UrbanFootprint is a web-based software platform specifically designed for urban planning and climate resilience. It provides access to comprehensive data on land use, environmental factors, pollution, mobility patterns, buildings, economic patterns, and demographics across the United States. UrbanFootprint allows planners to analyze trends and create simulations of future development projects, analyzing potential impacts on areas like housing costs, energy use, and transportation. This helps urban planners, designers, and decision-makers make informed choices about city development, growth, sustainability and community.

  • artificial intelligence
  • data
  • digital assets
  • digital platforms
  • satellite image analytics
  • software as a service
  • urban planning

Indigenous Technology

The Indigenous Artificial Intelligence (A.I.) Working Group is a program focused on the intersection of artificial intelligence and Indigenous knowledge systems.
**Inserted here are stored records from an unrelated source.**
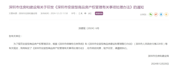 刚刚,深圳市住房和建设局印发了《深圳市安居型商品房产权管理有关事项处理办法》的通知,该办法自2025年1月2日起施行。
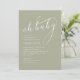 Para aqueles que procuram uma design moderna minimalista para o vosso chá de fraldas, este convite verde sábio é perfeito para vós. A cor simples e neutra do gênero apresenta oh baby na tipografia do script. Personalize com todos os seus detalhes importantes, incluindo o nome da mãe a ser, data, hora, local, RSVP e informações de registro.
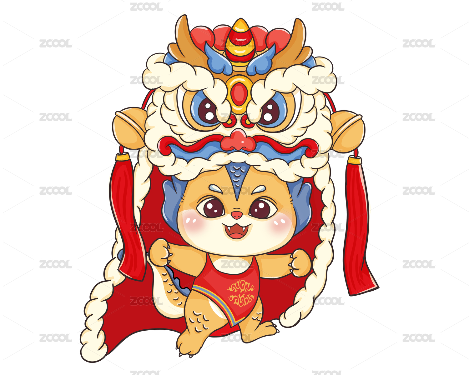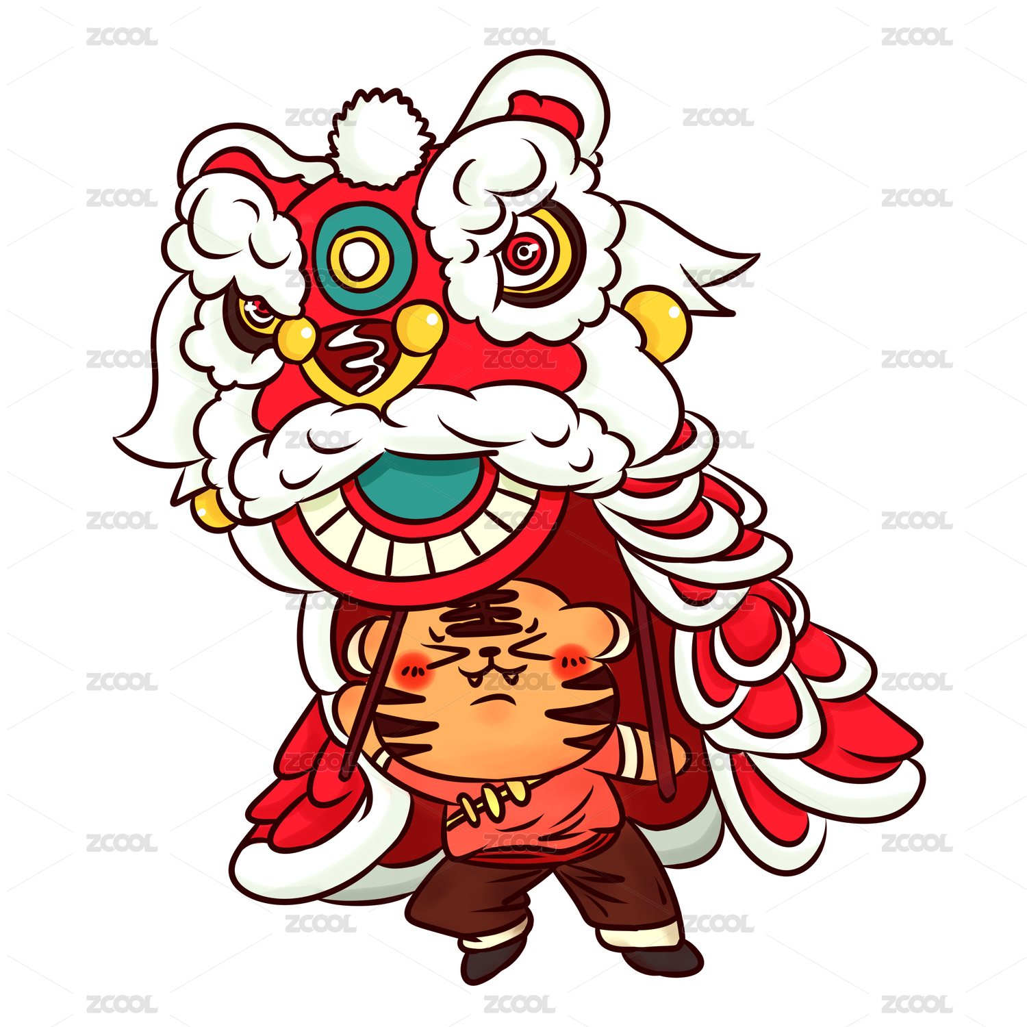 虎年新年老虎舞狮活动习俗红色喜庆插画
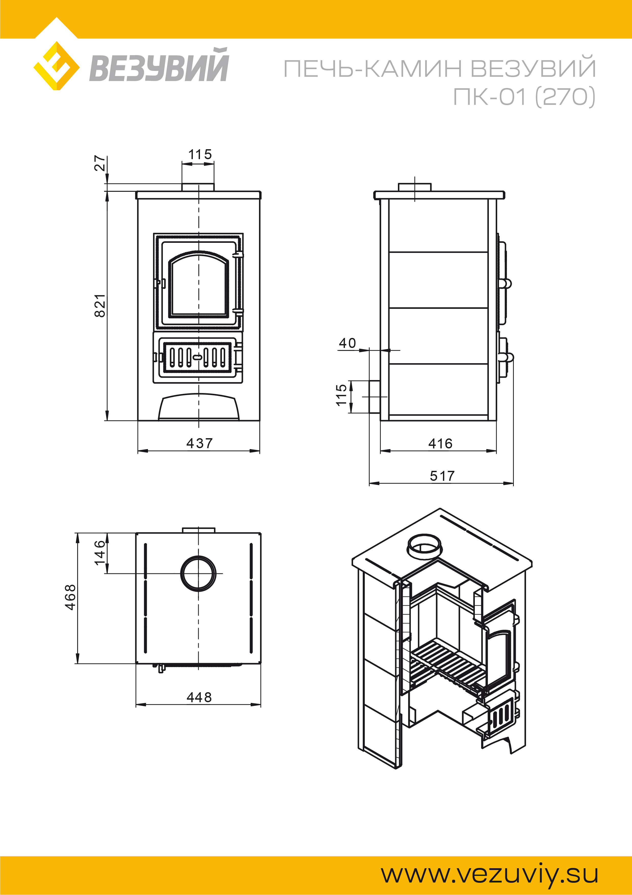 Печи-камины Везувий изготовлены из высококачественной конструкционной стали. Топка защищена шамотом, который легко заменим. Чугунная топочная дверка с жаростойким стеклом. Все печи-камины Везувий имею боковые керамические вставки или вставки из натурального камня.
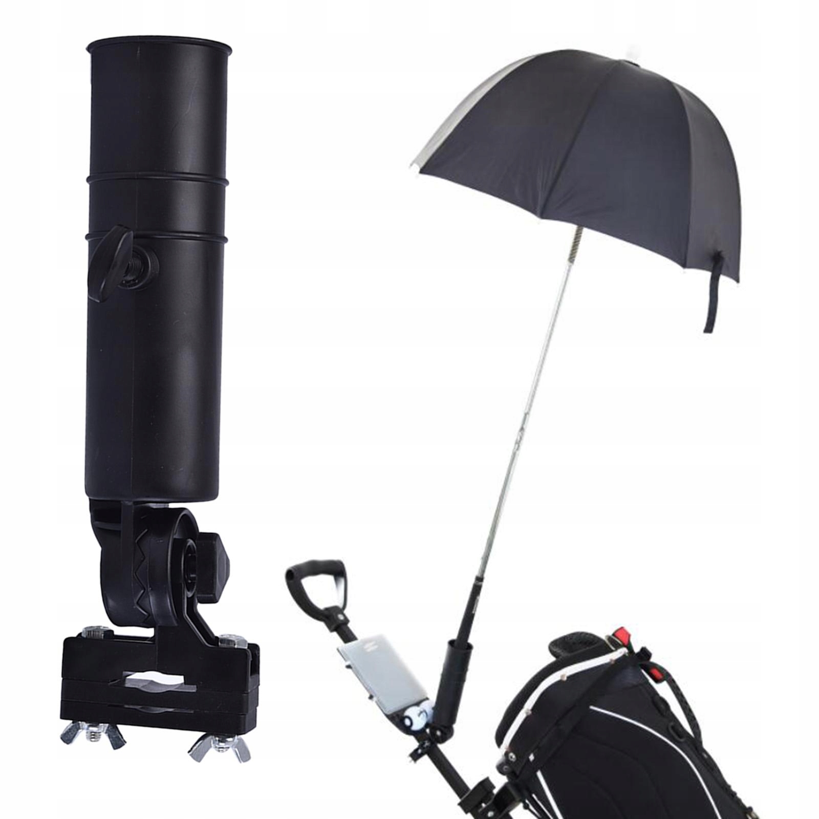 Прочный и простой монтаж: высококачественный держатель зонта для гольф-мобиля, очень прочный и долговечный. Простая установка на ручку гольф-мобиля.
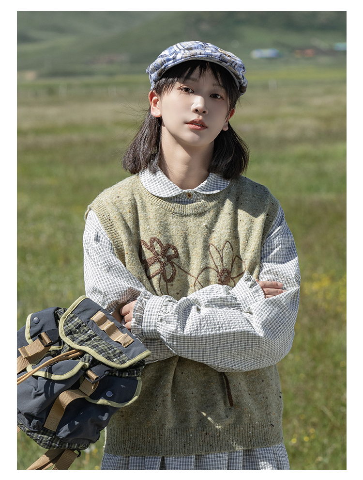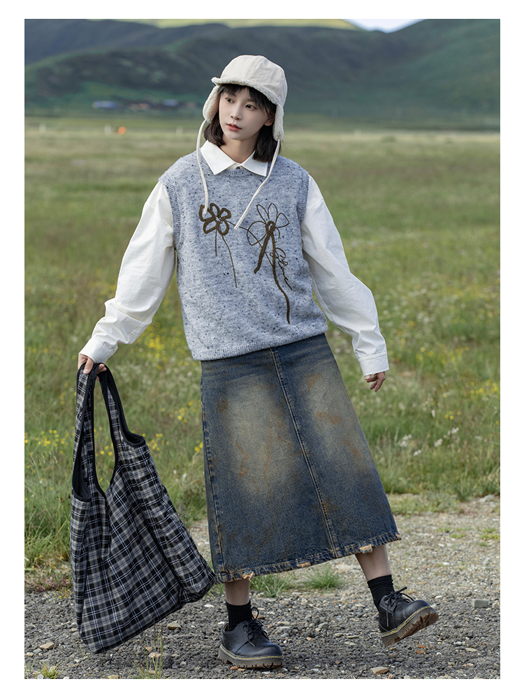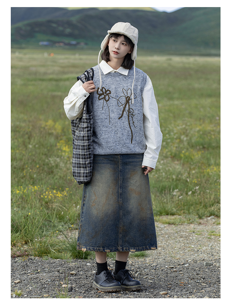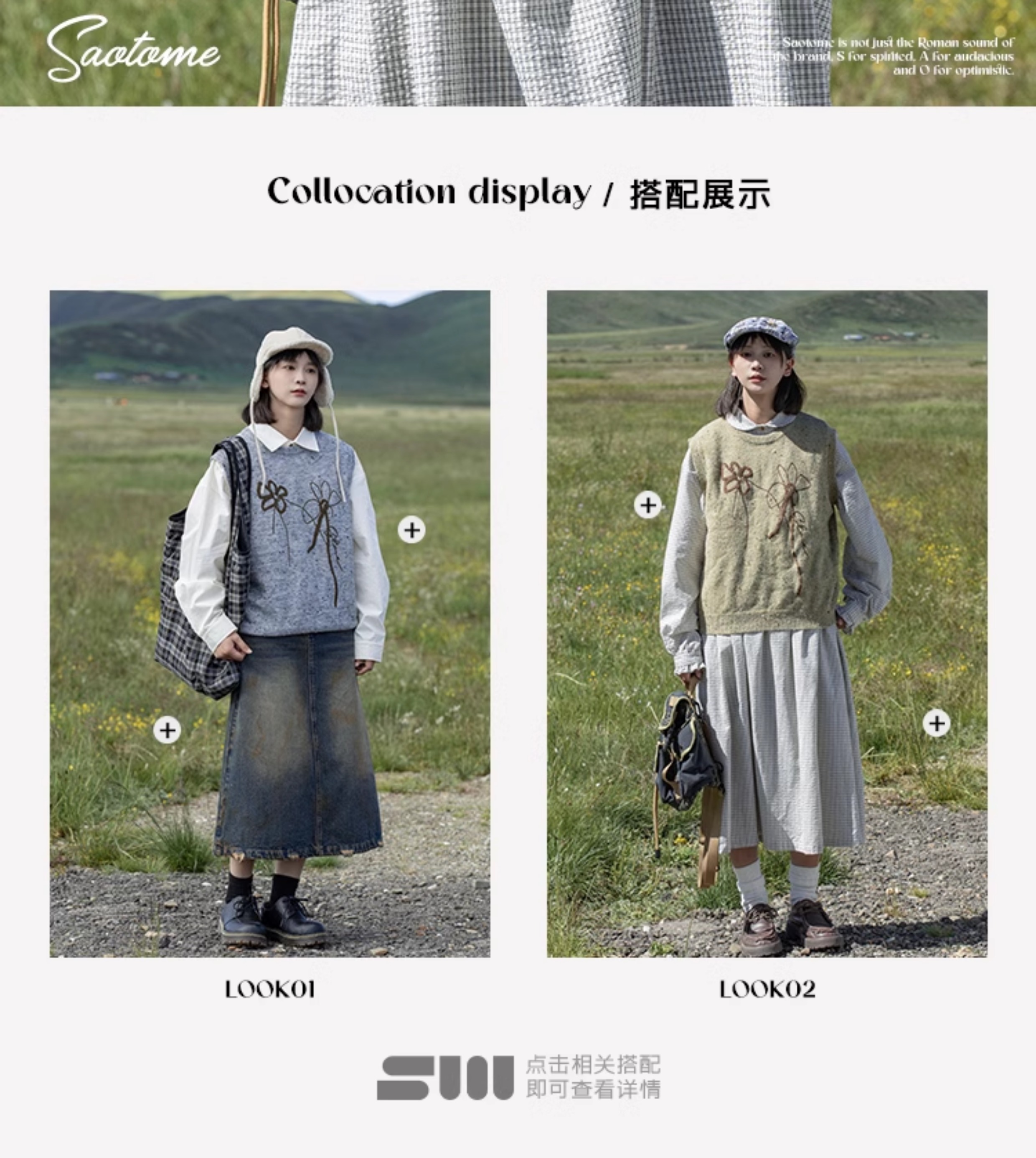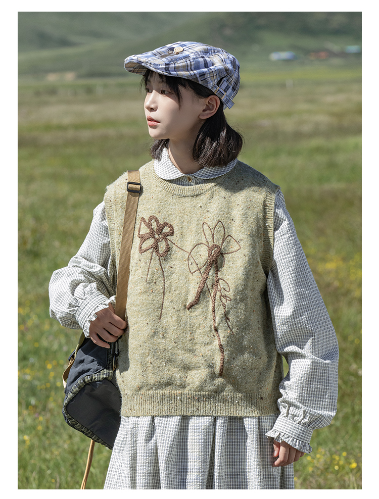 早乙女惠子saotome/STMMY243233/彩点刺绣鲜花毛衣背心

The project’s interdisciplinary team of experts includes 37 co-investigators and collaborators who come from eight universities and 12 Indigenous community-based organizations in Canada, the United States and New Zealand. Most of the team members are Indigenous. They are motivated to expand the definition of intelligence by collaborating with Indigenous communities to integrate their knowledge systems with the AI research and development ecosystem to develop more integrated and practical approaches to building the next generation of A.I. systems.